Unripe blueberries on one of my new blueberry bushes.
Unripe blueberries on one of my new blueberry bushes.

My mother especially liked to see plants I hadn’t already shown her. I have two blueberry bushes now, purchased despite my having mixed feelings about their need to be watered (more than native California plants). I can’t wait to try the blueberries, though.

I have an oak tree in the front yard now, planted in part to replace the magnificent Deodar cedar that was growing right next to the house. The oak is already taller than I am. I look forward to finding oak galls on it someday.

deodar cedar
The magnificent deodar cedar (Cedrus deodara) in 2021. It was growing about a foot away from the house, leaning towards my neighbor’s bedroom, and dropping impossible-to-remove sap on any cars parked in the driveway.

coast live oak, Quercus agrifolia
New coast live oak (Quercus agrifolia) in the front yard. The tree is taller than I am.
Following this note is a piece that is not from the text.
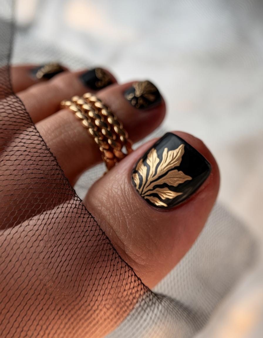 This black gel polish sets a bold foundation for intricate gold leaf art, creating a sophisticated and dramatic effect. The high-gloss finish enhances the contrast, making this design perfect for those who love luxurious details. The delicate gold accents add depth and movement, giving the toe nails a rich and elegant appearance. A stunning choice for formal events or those who appreciate chic, dark nail art.

It will be a while before it’s as large as the cedar was. I look forward to being able to watch oak galls develop on it.

There’s a new-to-the-neighborhood insect here, the Turkestan roach. Having already survived the dinosaur extinction, cockroaches belong to a group of insects that’s most likely to survive human extinction. The Turkestan roach likes to hang out in water meter and light control boxes next to city sidewalks. They come out at night and spread out across my yard and sometimes walk up the exterior walls of my house. These roaches are, like some quirks of my mother’s personality, the result of war. It’s thought they were transported from the Middle East and Central Asia to the United States as stowaways in military equipment.

 

Turkestan roaches (Shelfordella lateralis)
Turkestan roaches (Shelfordella lateralis, aka Blatta lateralis). Adult female on left; adult male in middle; nymph on right.

 

The spread of these roaches more recently in the US has been assisted by pet stores that sell them as food for frogs and reptiles. I’ve never purchased Turkestan roaches (they’re available for free in my yard), but I did start rearing frogs last year. A neighbor reared Pacific Chorus Frogs (Pseudacris regilla) for many years until he died. These native frogs hadn’t lived in my neighborhood for decades because of an overabundance of concrete and traffic. When I hear the frogs’ spring choruses, I like to pretend I’m somewhere remote. I hear a chorus right now, 80 feet from my desk.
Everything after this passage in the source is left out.